Страница 3 из 15
Окончив гимназию, как-то неожиданно заневестилась и вышла замуж Алина… Муж ее никому не нравился, в семье Арсеньевых он казался чужим пришлым человеком, но ни слезы сестер, ни уговоры матери не подействовали на Алину, и сразу после свадьбы она уехала с мужем на Дальний Восток, в чужую ей семью. И только прощаясь со своими уже на перроне, Алина вдруг испугалась предстоящей ей разлуки и, бросившись к матери, горько заплакала.
— Алина, голубка моя!.. Еще не поздно, вернемся домой… — уговаривала дочь Марина.
— Домой, домой! Алиночка, родненькая, пойдем домой!.. — цепляясь за сестру, умоляла Динка.
Мышка молча плакала, роняя слезы на свадебный букет. Леня бросился в вагон за Алининым чемоданом… Муж Алины, стоя на подножке, задержал его.
— Я не понимаю, что здесь происходит? — холодно сказал он и, подойдя к Алине, взял ее за руку.

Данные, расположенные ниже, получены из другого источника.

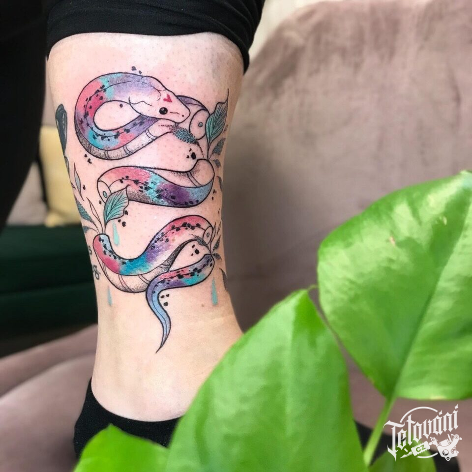 Tetování zvíře, had na noze

Алина вытерла слезы и пошла в вагон. Поезд отошел. Осиротевшая семья долго стояла на перроне, глядя на исчезающие вдали красные огоньки. И снова кое-как наладилась жизнь, только за столом опустело место старшей сестры да на светлом лице Марины прибавилась новая глубокая морщинка. Жить становилось трудно. Фирма «Реддавей», где служила Марина, после ареста мужа уволила ее. Мышка, окончив семь классов гимназии, пошла на краткосрочные курсы сестер; Леня поступил в университет и целый день бегал по урокам; Динка училась. Ей не удалось сдержать свое обещание учиться только на пятерки. Она получала пятерки только по тем предметам, которые любила, а любила она, по ее собственному выражению, «больше всего на свете» уроки словесности и своего учителя словесности.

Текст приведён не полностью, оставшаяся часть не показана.